INFORMATION PROVIDED |
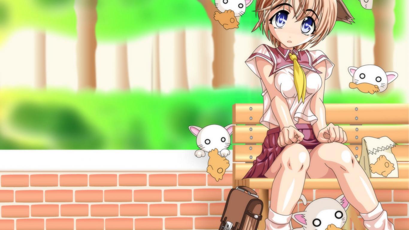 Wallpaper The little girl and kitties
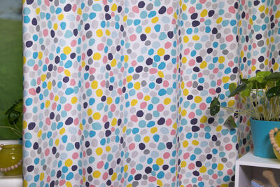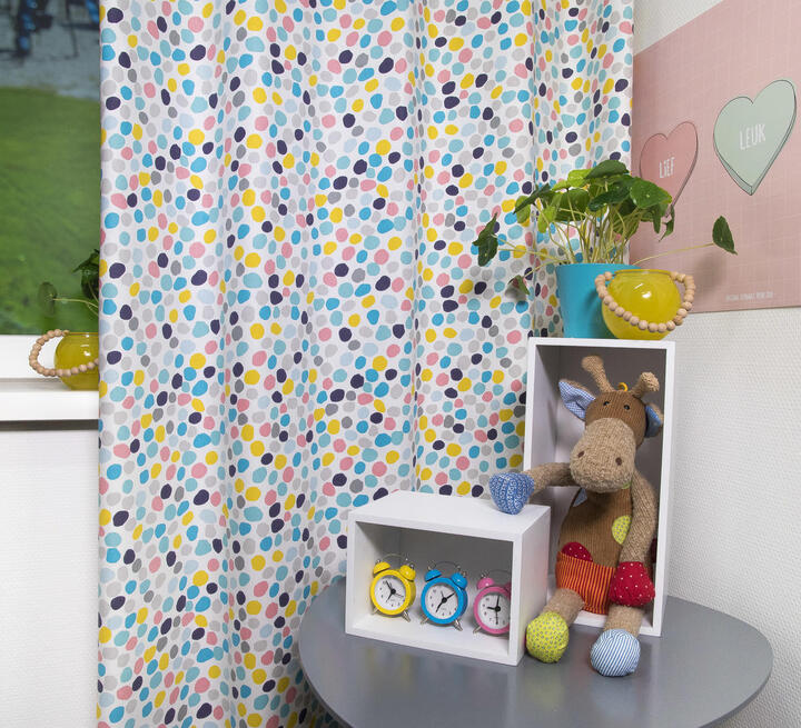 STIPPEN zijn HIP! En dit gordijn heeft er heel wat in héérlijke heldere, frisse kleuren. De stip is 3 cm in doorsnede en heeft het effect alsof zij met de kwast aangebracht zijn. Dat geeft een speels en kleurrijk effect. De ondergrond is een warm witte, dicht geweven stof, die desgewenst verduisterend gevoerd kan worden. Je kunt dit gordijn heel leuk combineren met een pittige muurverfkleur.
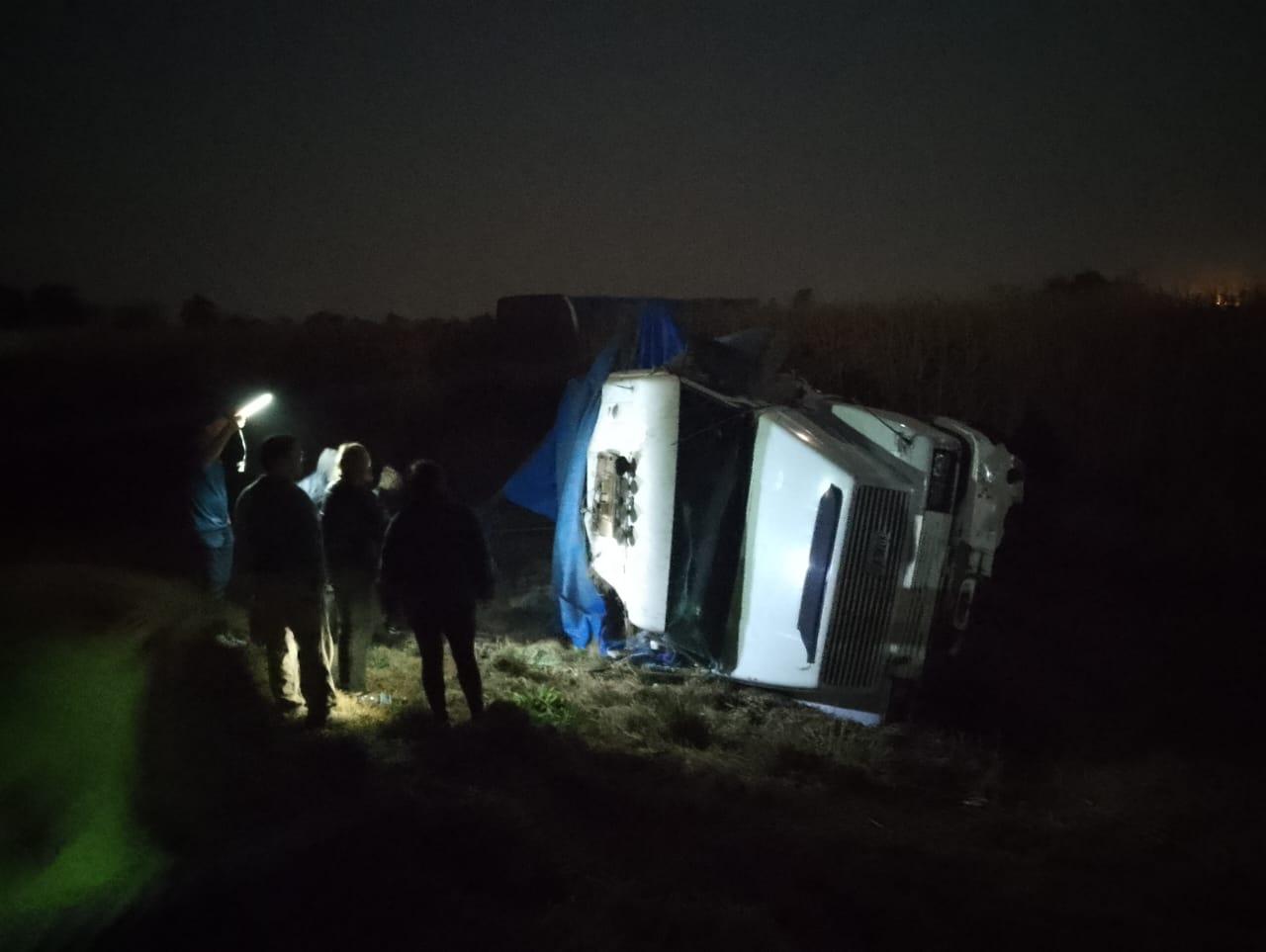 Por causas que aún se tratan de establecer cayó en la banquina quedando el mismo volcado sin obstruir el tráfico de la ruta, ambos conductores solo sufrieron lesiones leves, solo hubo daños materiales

TASK DIRECTIONS | Locate "STIPPEN zijn HIP!" in the listing above, then print exactly the lines from that line through the final one, omitting all pictures.

ANSWER SPACE |
 STIPPEN zijn HIP! En dit gordijn heeft er heel wat in héérlijke heldere, frisse kleuren. De stip is 3 cm in doorsnede en heeft het effect alsof zij met de kwast aangebracht zijn. Dat geeft een speels en kleurrijk effect. De ondergrond is een warm witte, dicht geweven stof, die desgewenst verduisterend gevoerd kan worden. Je kunt dit gordijn heel leuk combineren met een pittige muurverfkleur.
 Por causas que aún se tratan de establecer cayó en la banquina quedando el mismo volcado sin obstruir el tráfico de la ruta, ambos conductores solo sufrieron lesiones leves, solo hubo daños materiales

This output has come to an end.